Action item: Print exactly the lines of the listing below from the one containing "A 3-session course" through the final line, both included, and no pictures.

[Opening Supplied data section]

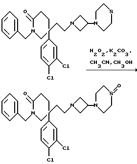 Примеры 101 и 102Соединения двух следующих сведенных в табл. 4 примеров, имеющие общую формулу: ![]() получают способом, подобным способу примера 100, используя в качестве исходных соединений тот же пиперидон и 3,5-ди-(трифторметил)бензобромид или 2-метансульфонилоксиэтил-циклопропан (см. препаративный пример 157), соответственно. Пример 103 1-Бензил-5-(3,4-дихлорфенил)-5-(2-[3-(1-оксотиоморфолино)- азетидин-1-ил]этил)-2-пиперидон ![]() К охлажденному льдом раствору метанола (7 мл), тиоморфолина (см. пример 2) (0,76 мл, 1,0 мол. экв.), ацетонитрила (0,09 г, 1,5 мол. экв.) и карбоната калия (0,147 г, 0,72 мол. экв.) добавляют, в течение 30 минут, 30% (в/о) раствор пероксида водорода в воде (0,175 г, 1,05 мол. экв.) в метаноле (5 мл). Реакционную смесь перемешивают при 0oC в течение 2 часов и затем позволяют нагреваться до комнатной температуры и перемешивают еще в течение 16 часов. Затем удаляют большую часть растворителя при пониженном давлении при комнатной температуре. Добавляют насыщенный водный раствор бикарбоната натрия (20 мл), и смесь экстрагируют этилацетатом (3х50 мл). Объединенные органические слои сушат над сульфатом магния и упаривают при пониженном давлении. Полученное масло очищают колоночной флэш-хроматографией на силикагеле, элюируя метанолом с дихлорметаном (1:9, по объему), и получают названное в заголовке соединение (121 мг). ТХС Rf= 0,10 (диоксид кремния, метанол: дихлорметан, 1 : 9, по объему). МСНР m/z = 534 (m+1)+. Элем. анализ: найдено: С – 57,91; Н – 5,77; N – 7,58. Для C27H33N3Cl2O2S 0,37CH2Cl2 вычислено: C – 58,05; H – 6,01; N – 7,42%.
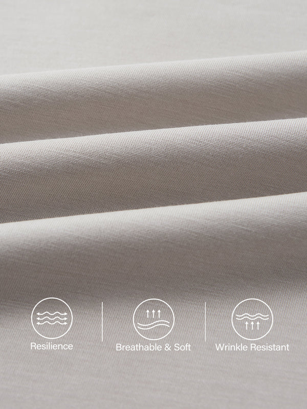 Dieser Doppelstrickstoff bietet flauschige Weichheit und eine samtig-matte Oberfläche. Dank 4-Wege-Stretch und atmungsaktiver Struktur passt er sich Ihren Bewegungen an und behält gleichzeitig einen klaren, modernen Fall. Außerdem ist er knitterarm – für ein gepflegtes Aussehen ohne viel Aufwand.
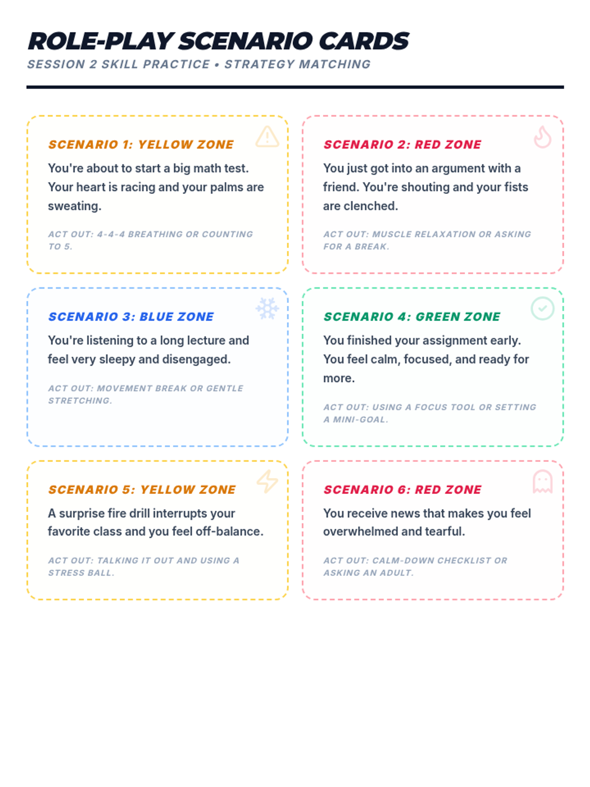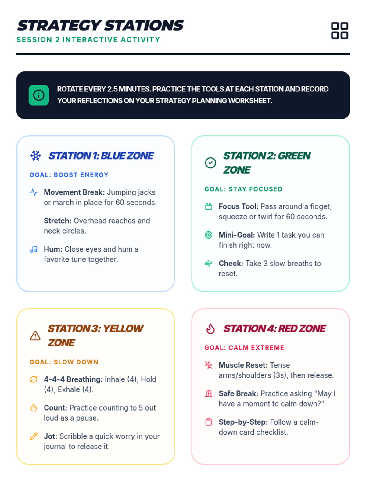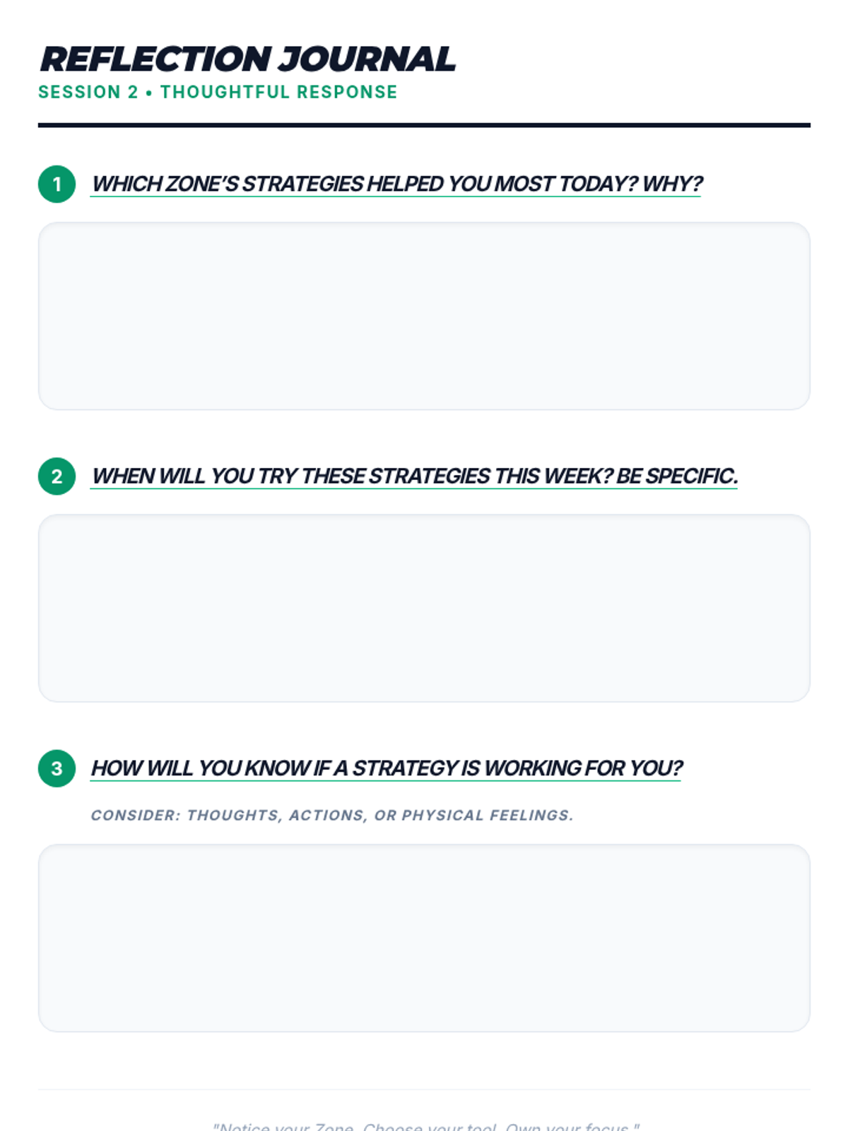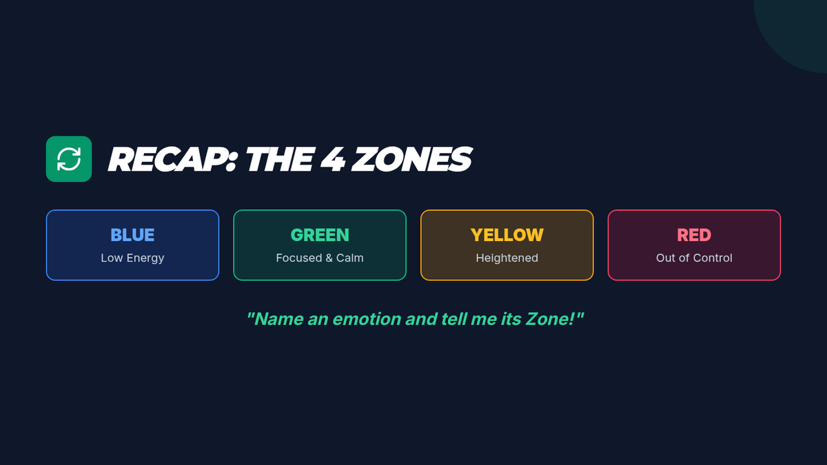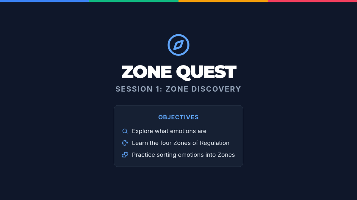 A 3-session course for middle schoolers to understand and master the Zones of Regulation. Students learn to identify emotions, develop a toolkit of self-regulation strategies, and create a personalized plan for emotional control.
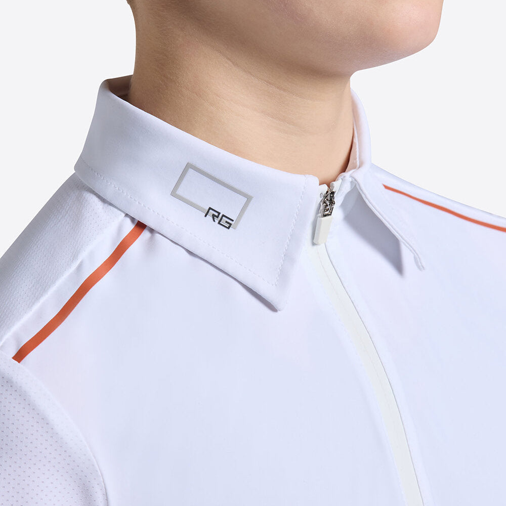 - Diseñado para jóvenes jinetes, este polo de competición Rider's Gene combina transpirabilidad y rendimiento con un diseño elegante.

[Closing Supplied data section]

Solution below:
 A 3-session course for middle schoolers to understand and master the Zones of Regulation. Students learn to identify emotions, develop a toolkit of self-regulation strategies, and create a personalized plan for emotional control.
 - Diseñado para jóvenes jinetes, este polo de competición Rider's Gene combina transpirabilidad y rendimiento con un diseño elegante.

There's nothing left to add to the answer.